▸ Problem to work on:
From the first line to the last, repeat the data exactly but leave out the pictures.

▸ Data segment:
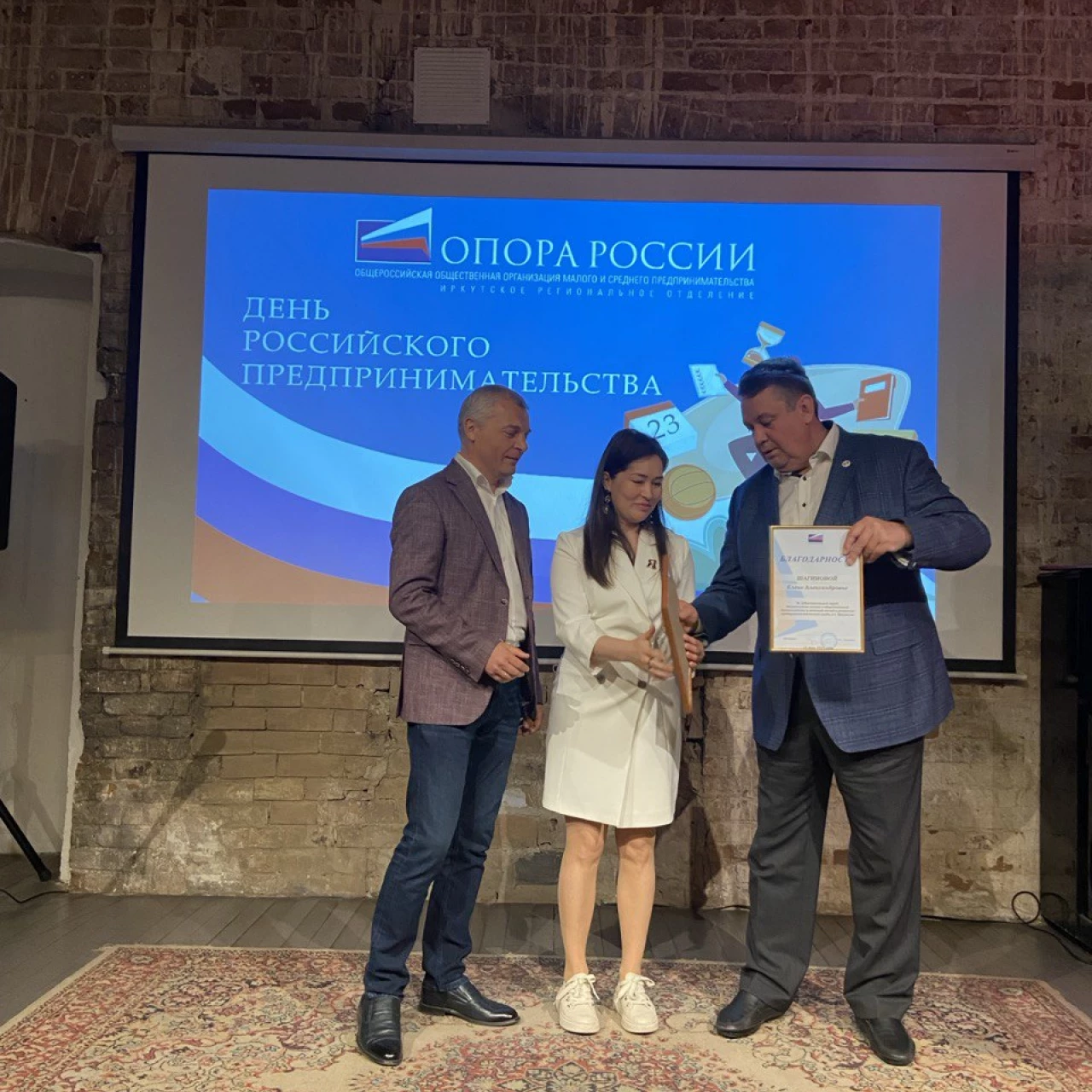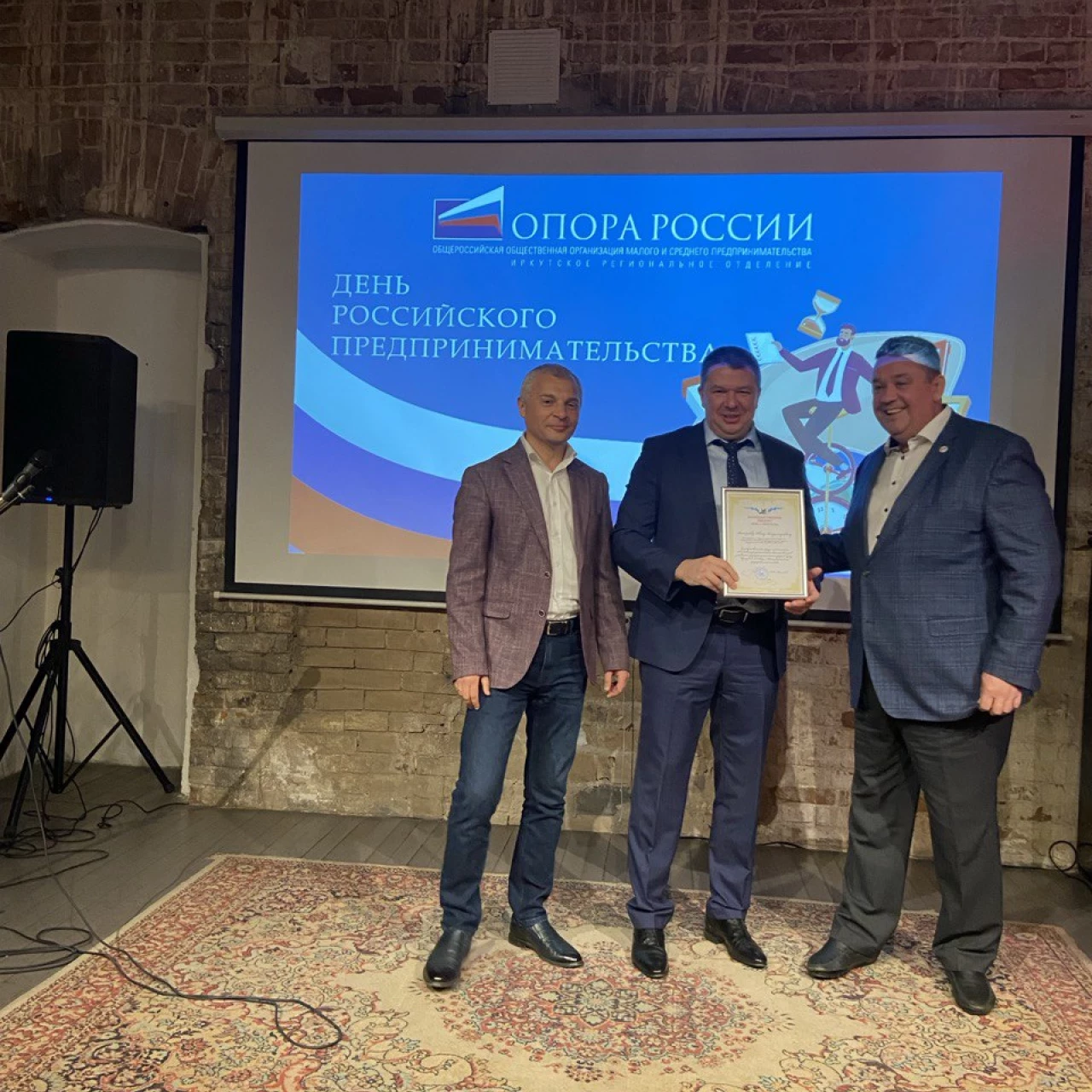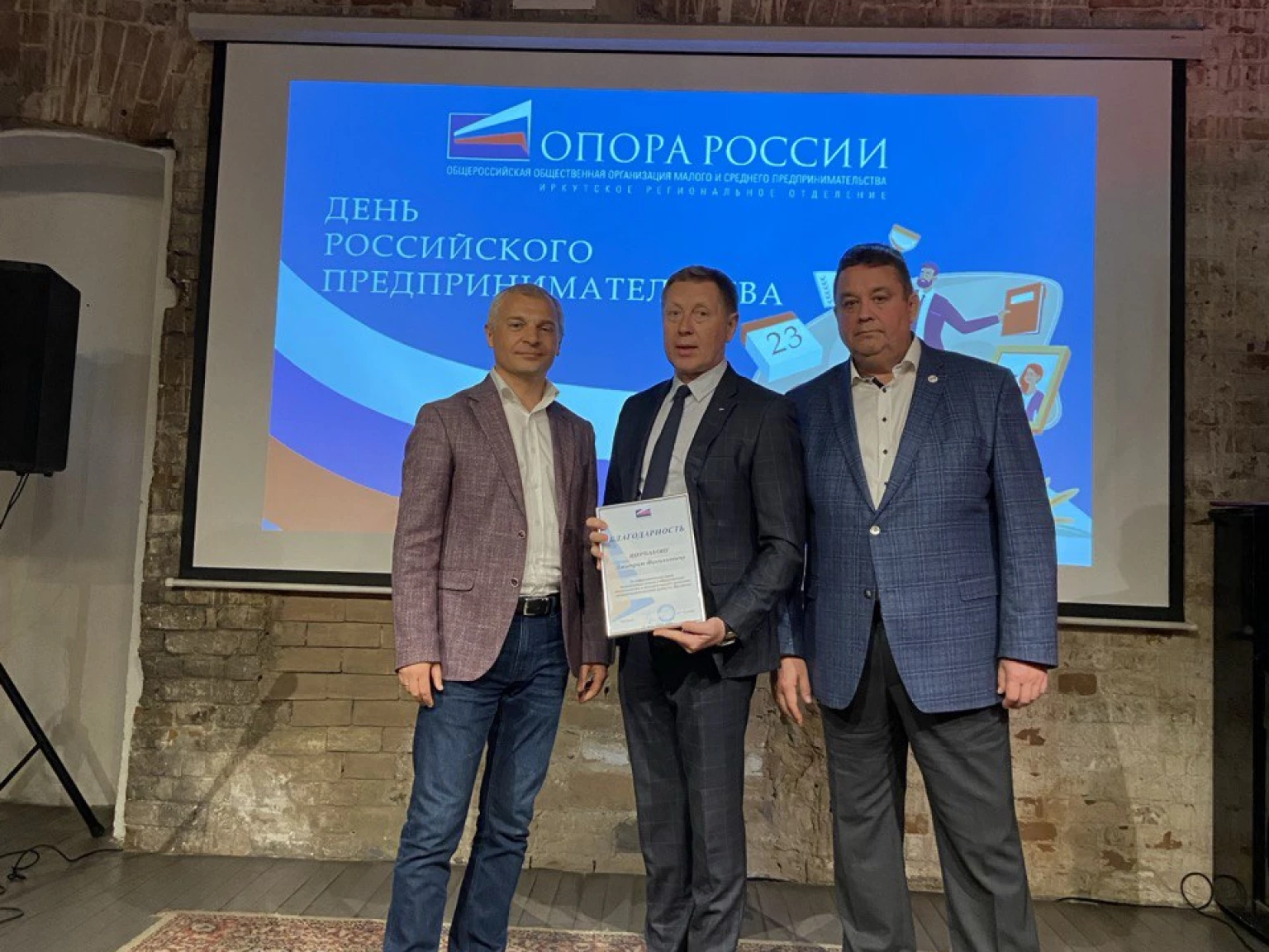 23 мая в рамках празднования Дня предпринимателя Председатель Иркутского регионального отделения «ОПОРЫ РОССИИ» Алексей Егоров и Уполномоченный по защите прав предпринимателей в Иркутской области Андрей Лабыгин наградили благодарственными письмами членов Иркутского регионального отделения «ОПОРЫ РОССИИ», которые своим профессионализмом внесли особый вклад в развитие предпринимательства в регионе.
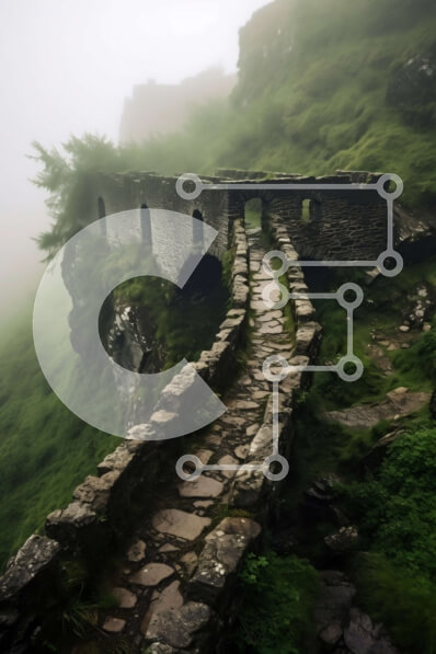 Intra Συλλεκτικό Ξύλινο Παζλ Plywood 4mm - Γαλήνια εικόνα μιας πέτρινης γέφυρας πάνω από ένα ομιχλώδες ορεινό τοπίο Σε Ξύλινο Κουτί - Διαστάσεις: 10x10 cm – 25 κομμάτια
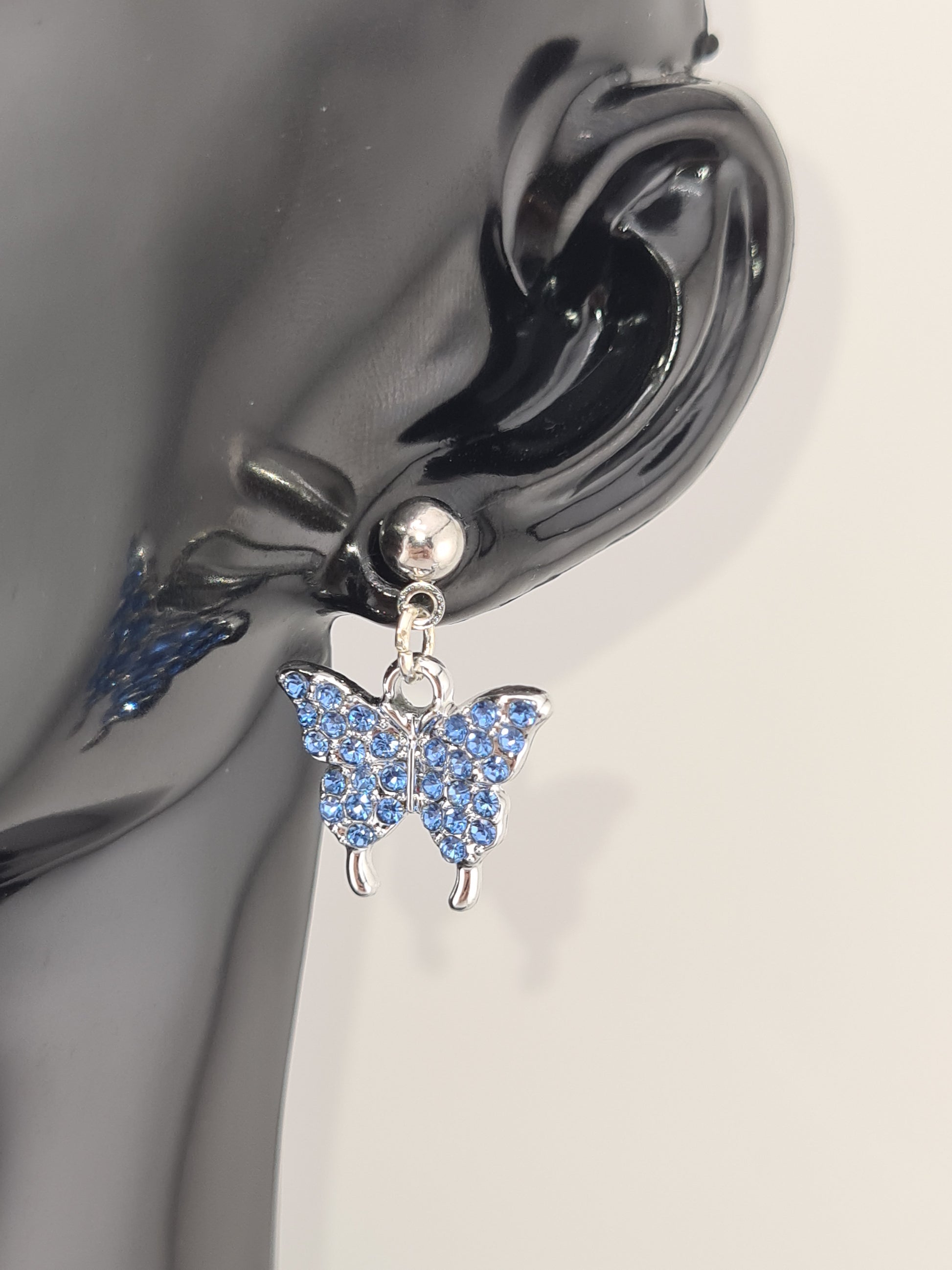 Butterfly, Rhinestone, Mixed Colour, Silver, Studs & Shepherd Hook, Earrings
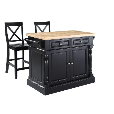 Enduring style and classic function are the hallmarks of the Oxford 3pc Kitchen Island Set. Designed for longevity, the island offers traditional elements like raised panels and decorative carved spindles. A perfect centerpiece for your kitchen, you can easily access kitchenware and utensils from either side of the island using the pass-through drawers and cabinets. With a built-up countertop and towel bars at either end, the island is ideal for food prep. Two X-back stools round out the set, creating a perfect perch for a quick meal. Add beauty and quality to your kitchen with the Oxford 3pc Kitchen Island Set.

▸ Answer to this exercise:
 23 мая в рамках празднования Дня предпринимателя Председатель Иркутского регионального отделения «ОПОРЫ РОССИИ» Алексей Егоров и Уполномоченный по защите прав предпринимателей в Иркутской области Андрей Лабыгин наградили благодарственными письмами членов Иркутского регионального отделения «ОПОРЫ РОССИИ», которые своим профессионализмом внесли особый вклад в развитие предпринимательства в регионе.
 Intra Συλλεκτικό Ξύλινο Παζλ Plywood 4mm - Γαλήνια εικόνα μιας πέτρινης γέφυρας πάνω από ένα ομιχλώδες ορεινό τοπίο Σε Ξύλινο Κουτί - Διαστάσεις: 10x10 cm – 25 κομμάτια
 Butterfly, Rhinestone, Mixed Colour, Silver, Studs & Shepherd Hook, Earrings
 Enduring style and classic function are the hallmarks of the Oxford 3pc Kitchen Island Set. Designed for longevity, the island offers traditional elements like raised panels and decorative carved spindles. A perfect centerpiece for your kitchen, you can easily access kitchenware and utensils from either side of the island using the pass-through drawers and cabinets. With a built-up countertop and towel bars at either end, the island is ideal for food prep. Two X-back stools round out the set, creating a perfect perch for a quick meal. Add beauty and quality to your kitchen with the Oxford 3pc Kitchen Island Set.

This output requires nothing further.